- Work required: As the answer, give exactly the lines of the records below from the one with "It helps to" through the one with "Here’s a couple", ends included and pictures left out.

*** Material provided Section Begins ***

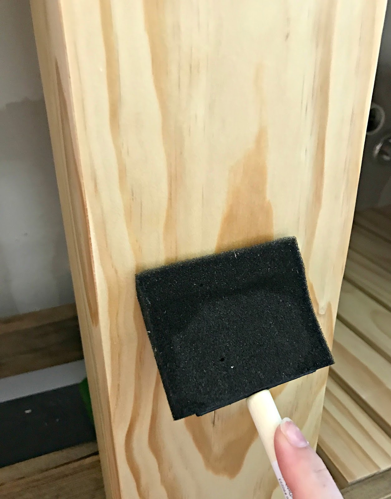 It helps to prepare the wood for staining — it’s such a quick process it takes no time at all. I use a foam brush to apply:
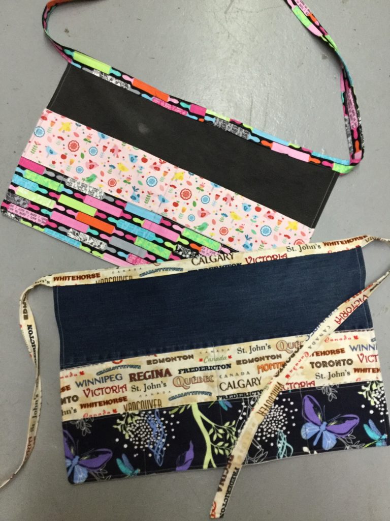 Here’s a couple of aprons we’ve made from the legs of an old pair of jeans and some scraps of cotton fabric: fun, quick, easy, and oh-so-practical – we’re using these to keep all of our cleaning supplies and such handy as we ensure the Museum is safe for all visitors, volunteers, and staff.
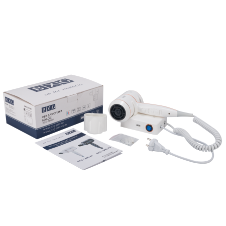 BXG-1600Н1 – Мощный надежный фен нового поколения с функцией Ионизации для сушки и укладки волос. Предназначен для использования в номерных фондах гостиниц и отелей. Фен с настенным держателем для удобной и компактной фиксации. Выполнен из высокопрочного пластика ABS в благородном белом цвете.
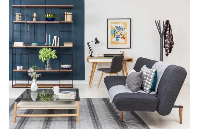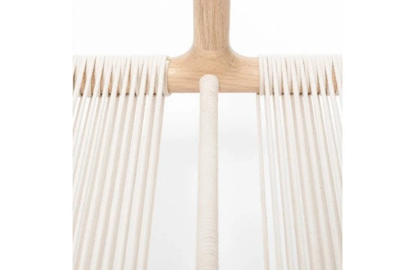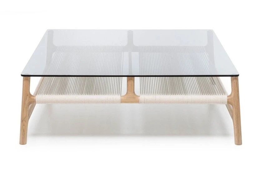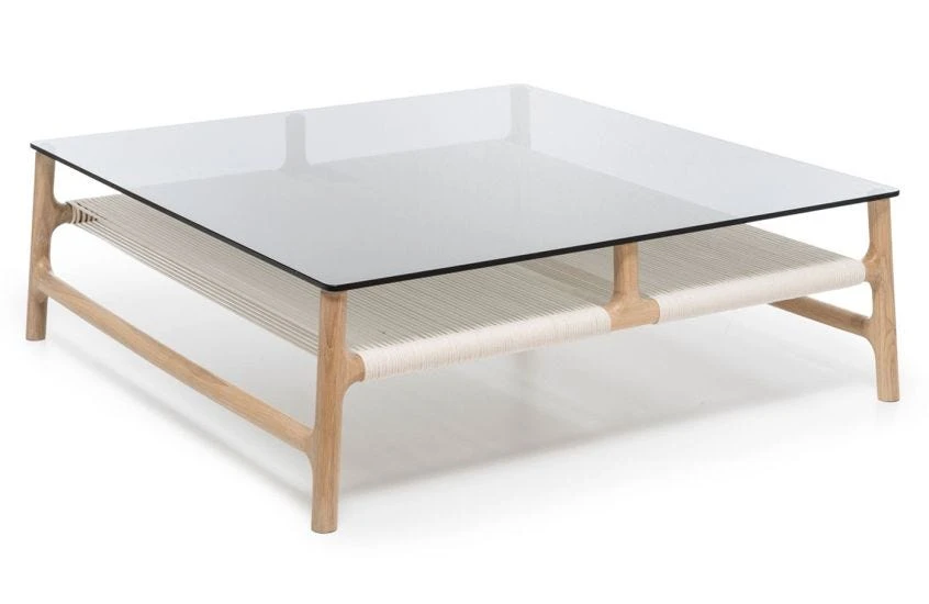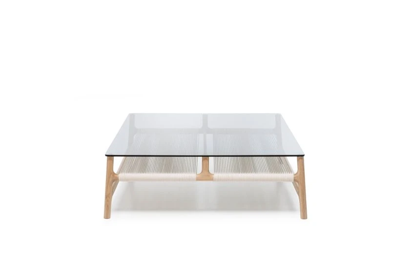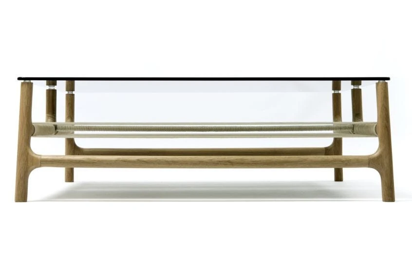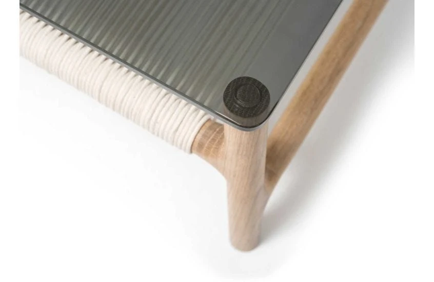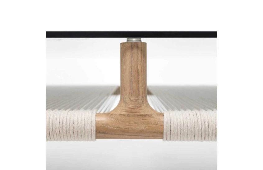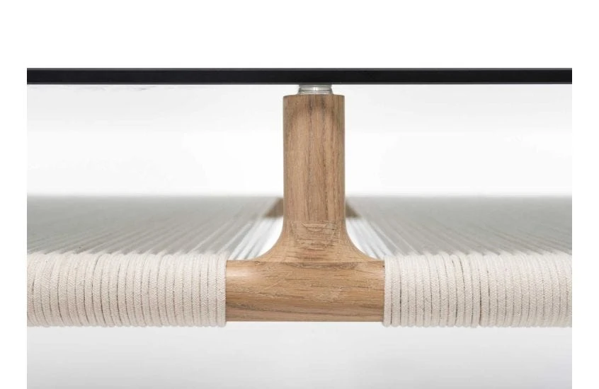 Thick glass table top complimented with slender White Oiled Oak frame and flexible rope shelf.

*** Material provided Section Ends ***
*** Material provided Section Begins ***

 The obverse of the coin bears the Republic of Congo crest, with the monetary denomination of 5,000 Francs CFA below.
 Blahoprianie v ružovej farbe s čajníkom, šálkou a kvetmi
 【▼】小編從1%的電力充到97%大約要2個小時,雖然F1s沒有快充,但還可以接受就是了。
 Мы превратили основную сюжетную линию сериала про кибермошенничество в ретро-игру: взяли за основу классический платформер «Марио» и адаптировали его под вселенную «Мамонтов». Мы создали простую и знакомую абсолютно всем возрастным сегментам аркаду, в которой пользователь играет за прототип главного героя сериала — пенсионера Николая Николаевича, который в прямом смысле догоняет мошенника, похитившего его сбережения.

*** Material provided Section Ends ***
*** Material provided Section Begins ***

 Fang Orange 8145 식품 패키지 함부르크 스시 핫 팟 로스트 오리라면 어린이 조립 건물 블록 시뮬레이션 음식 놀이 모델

*** Material provided Section Ends ***

- Result of the task:
 It helps to prepare the wood for staining — it’s such a quick process it takes no time at all. I use a foam brush to apply:
 Here’s a couple of aprons we’ve made from the legs of an old pair of jeans and some scraps of cotton fabric: fun, quick, easy, and oh-so-practical – we’re using these to keep all of our cleaning supplies and such handy as we ensure the Museum is safe for all visitors, volunteers, and staff.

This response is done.